¿Qué esperar de una película de Arnaud Desplechin? Probablemente un Paul Dedalus. Probablemente una historia personal, pasional. Probablemente aventuras, desamores y una cierta circunspección íntima al respecto de la propia existencia. Un catálogo filosófico existencial no exento de conexión con la cultura pop del momento narrado y de aires “nouvelle vaguescos” en sus formas narrativas. Pero no, no hay Paul Dedalus en Roubaix, une lumière, no hay grandes pasiones, ni existencialismo romántico, ni un marco temporal definible más allá de lo que la puesta en escena nos dictamina. Aparentemente.
Y es que el director francés cambia de tercio genérico con una aproximación al polar, al género policíaco por antonomasia. Alejándose voluntariamente de las dinámicas del thriller francés más contemporáneo en cuanto a suciedad, desencanto y violencia, Desplechin se dirige hacia un formato más clásico donde cobra importancia la descripción del entorno, las vicisitudes de investigadores, criminales y víctimas sin perder de vista el tapiz social que se dibuja a través de la exploración de dichos ambientes.
Con estos parámetros Desplechin nos mueve, convirtiendo su cámara en un patrullero más, por los diversos incidentes acaecidos en la noche de Navidad en Roubaix. Desmenuzando no solo el crimen y el marco decadente del contexto urbano sino marcando el perfil psicológico de cada uno de los integrantes de la policía y sus detenidos. Un trabajo descriptivo, especialmente centrado en el jefe de policía Daoud, que sienta las bases para poder poner el foco en una investigación concreta.
Efectivamente Roubaix, une lumière parecen dos películas, tanto en tono como en objetivos. Si el pulso narrativo en su primera parte se basa en fragmentación, en ofrecer un fresco cotidiano del crimen casi en formato reality o show televisivo policial, en su segunda parte las pulsaciones descienden hacia lo concreto, a la concentración en espacios reducidos, al primer plano reflexivo, a la mira psicológica y estresante de la investigación policial. No se trata, sin embargo, de un film inconexo sino más bien de un trabajo pensado a través de la planificación en forma de epílogo largo, como una academia de formación para entender los sucesos posteriores. Una forma compleja, por otro lado, de huir de la simplificación de lo que un trabajo supone, ofreciendo las diversas capas e interconexiones complejas que un policía debe desarrollar en su trabajo incluyendo, por supuesto, las implicaciones emocionales y personales.

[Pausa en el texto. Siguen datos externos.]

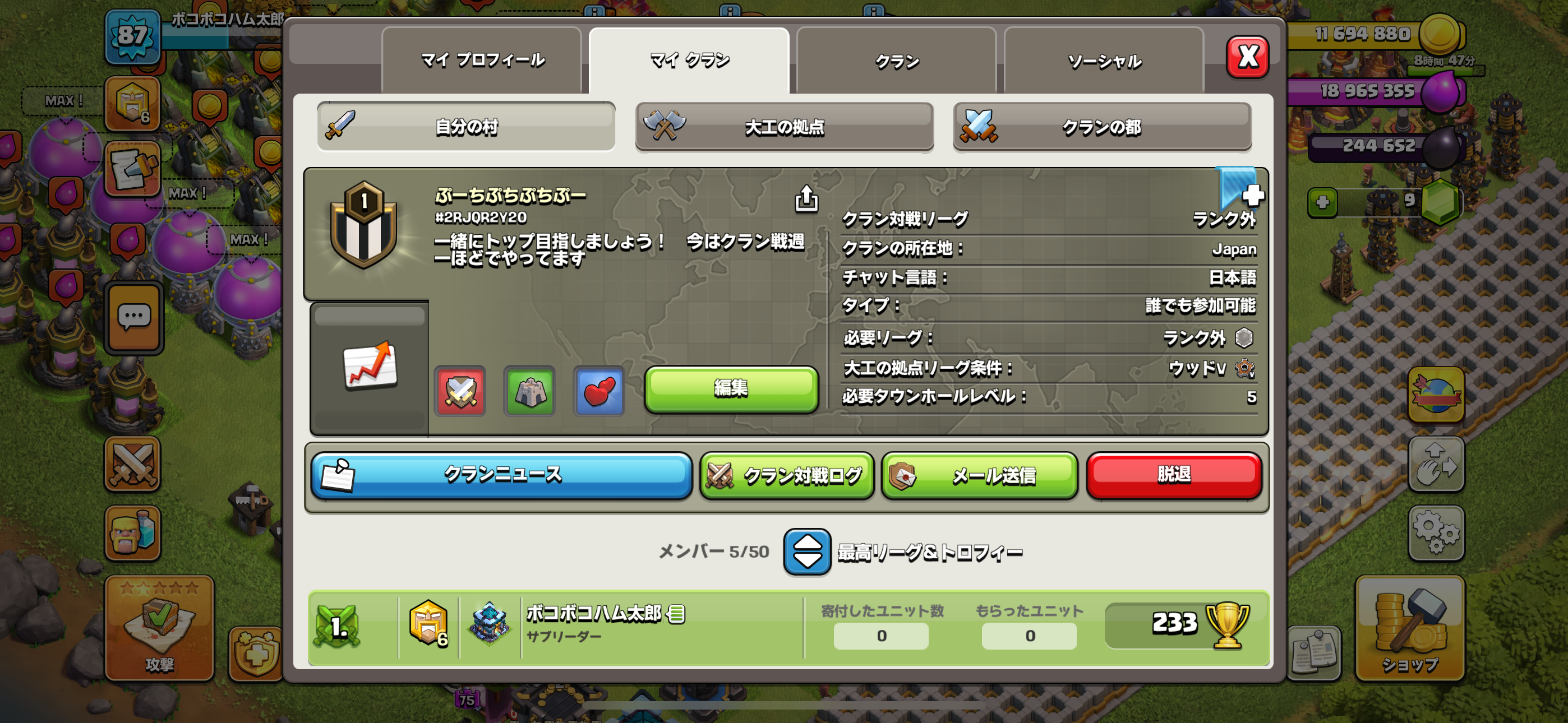 一緒にクランを育ててくれる方を募集しています( •̀ω•́ )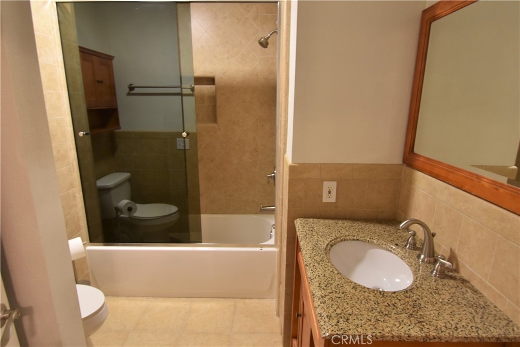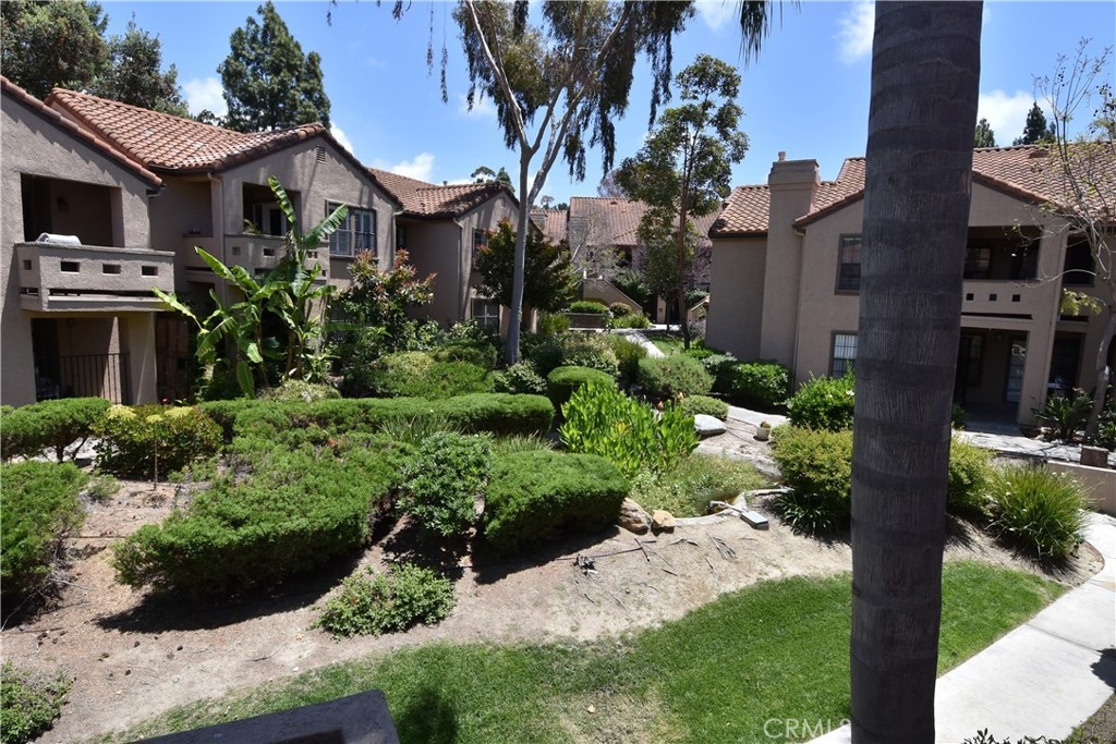 Motivated seller. Large price reduction, submit all offers. Relax and enjoy the peace and quiet. This spacious 1-bedroom upper level condo is nicely upgraded with wood laminate flooring. There is a newer kitchen that features granite counter tops, a breakfast bar and stainless-steel appliances and refrigerator. All rooms have high vaulted ceilings plus custom lighting. The bedroom is very spacious and has a wall of mirrors and closet along with a ceiling fan and lighting. The bathroom has been nicely upgraded with granite vanity and includes stackable washer and dryer. Close by is a one car garage and plenty of open parking. Association amenities include a large pool and spa plus views of bubbling stream and pond with plenty of tropical landscaping. The condo is a short distance to beaches, freeway and shopping. Hurry on this great opportunity!

Con estos mimbres, como decíamos al principio, parece que estamos ante una ‹rara avis› en la filmografía de Desplechin, pero en el fondo el director francés está volviendo a sus temas solo que de forma no tan evidente. Usando una máscara de género, Desplechin vuelve a tener a su Paul Dedalus impersonado en Daoud (cuyo nombre tiene cierta rima y resonancia), auténtico filtro del film a través del cual obtenemos un tono entre íntimo, romántico y de desesperanza tierna ante el mundo que le rodea. Su existencialismo se confronta con el idealismo del policía novato Coterelle, pero no en forma de conflicto sino de empatía. La Nouvelle Vague deja paso a una revisitación del polar Melvilliano despojándolo de su frialdad en beneficio de un cierto calor (que no candor) humanista.
Roubaix, une lumièrie, como el propio título indica, es una mirada a un lugar y a un tiempo oscuro descrito sin cortapisas pero al que Desplechin quiere poner un foco de esperanza. No tanto a través de recursos ingenuos de buenismo del cine social sino a través de los ojos de otro de sus (anti) héroes. Una mirada tan realista como para no perder la identidad idealista que le hizo escoger su labor. Un tratado sobre la artesanía del trabajo bien realizado tanto el policial como, de una manera metalingüística, el cinematográfico.